### BRIEF
Take the line with "Description : shopper" and every line after it, through the end of the listing, and give them again exactly, pictures excluded.

### EXCERPTED DATA

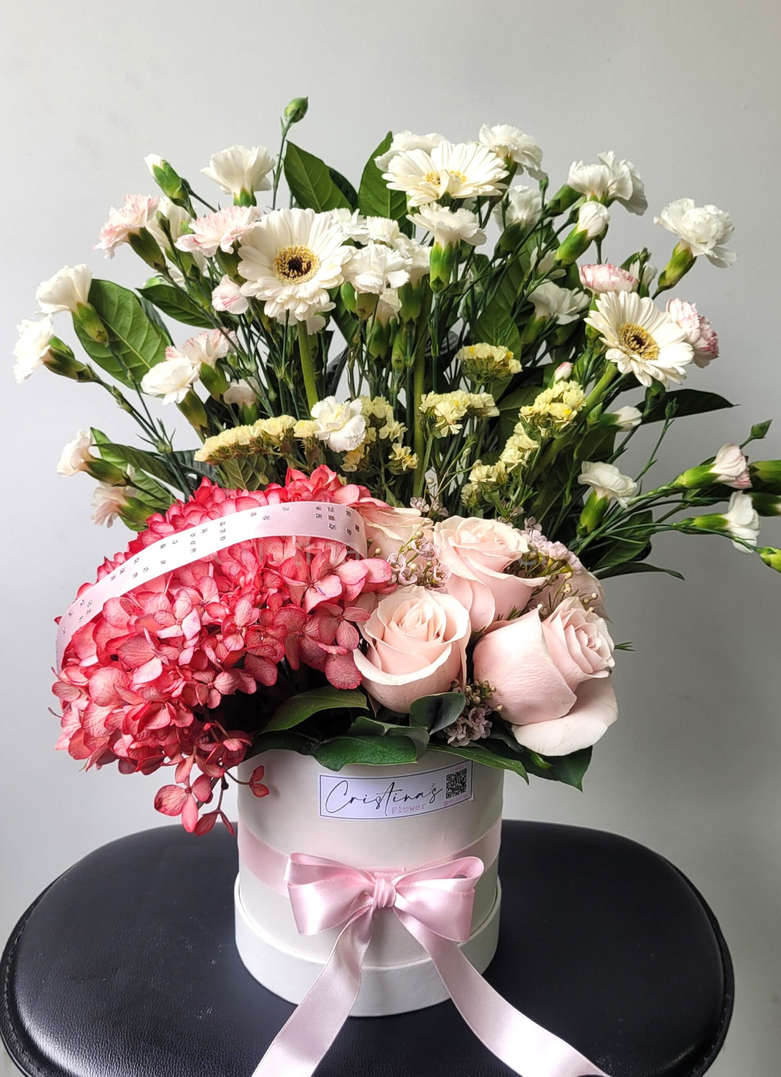 Arreglo de hortensia y 5 rosas, wax, statis, claveles 2 tonos, 3 mini gerberas y follaje de estación. Incluye cinta con la frase ¨Felíz Cumpleaños¨.
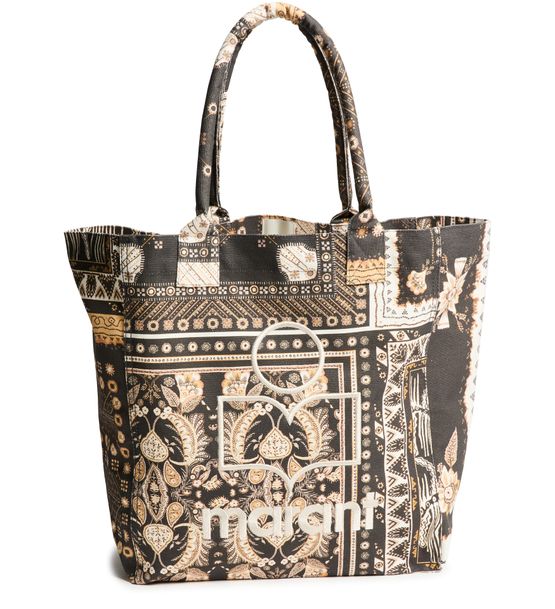 Description : shopper / tote bag, single compartment, appliquéd logo, embroidered logo, front logo, visible topstitching, all-over print, printed, hand carried, worn on the shoulder.
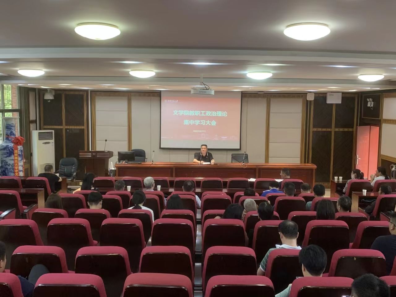 李伶俐结合自身学习体会,作了题为《准确把握“三高四新”的内涵,立足本职建新功》的辅导报告,希望全院教职工牢记“国之大者”,为党育人、为国育才,强化师德师风建设,苦练教书育人本领,用心用情用力投入人才培养,立德树人见行见效,为湖南教育事业高质量发展和教育强国建设作出新的更大的贡献!最后,在39个教师节即将到来之际,李书记代表学院党委和行政向全院教职工致以节日的祝福和问候。
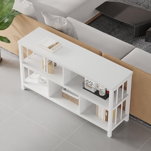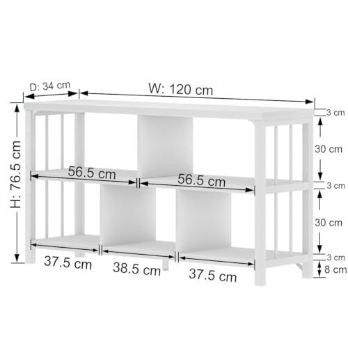 Mudmasa - وحدة رفوف مكتبة من طبقتين مع 5 مساحات تخزين لغرفة المعيشة وغرفة النوم والدراسة والمطبخ بتصميم صناعي 34 × 120 × 76.2 سم لون ابيض من مودماسا
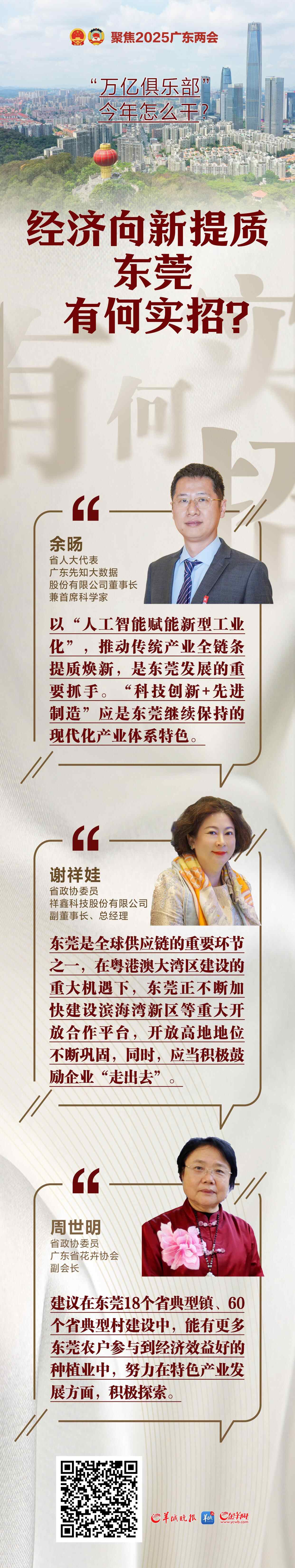 站在2025年“新”起点,积极抓好抓实新一年各项工作,以更加厚实的硬实力担负好挑大梁重任,东莞将有何新作为?值此两会,羊城晚报记者采访省人大代表、省政协委员,听他们为东莞出“新”招。
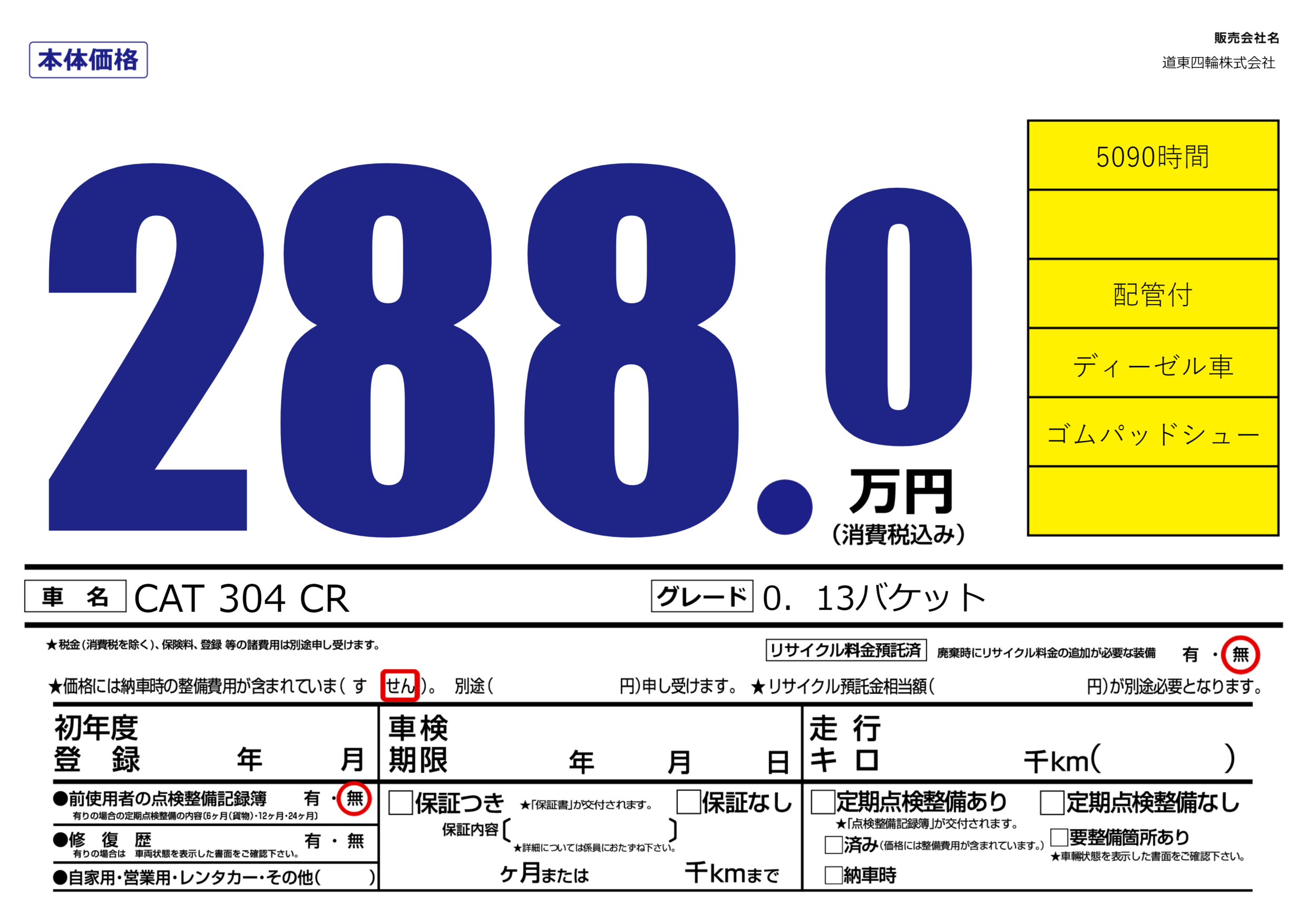| 車名 | CAT 304 CR | グレード ミッション 排気量 |

### RESULT
 Description : shopper / tote bag, single compartment, appliquéd logo, embroidered logo, front logo, visible topstitching, all-over print, printed, hand carried, worn on the shoulder.
 李伶俐结合自身学习体会,作了题为《准确把握“三高四新”的内涵,立足本职建新功》的辅导报告,希望全院教职工牢记“国之大者”,为党育人、为国育才,强化师德师风建设,苦练教书育人本领,用心用情用力投入人才培养,立德树人见行见效,为湖南教育事业高质量发展和教育强国建设作出新的更大的贡献!最后,在39个教师节即将到来之际,李书记代表学院党委和行政向全院教职工致以节日的祝福和问候。
 Mudmasa - وحدة رفوف مكتبة من طبقتين مع 5 مساحات تخزين لغرفة المعيشة وغرفة النوم والدراسة والمطبخ بتصميم صناعي 34 × 120 × 76.2 سم لون ابيض من مودماسا
 站在2025年“新”起点,积极抓好抓实新一年各项工作,以更加厚实的硬实力担负好挑大梁重任,东莞将有何新作为?值此两会,羊城晚报记者采访省人大代表、省政协委员,听他们为东莞出“新”招。
| 車名 | CAT 304 CR | グレード ミッション 排気量 |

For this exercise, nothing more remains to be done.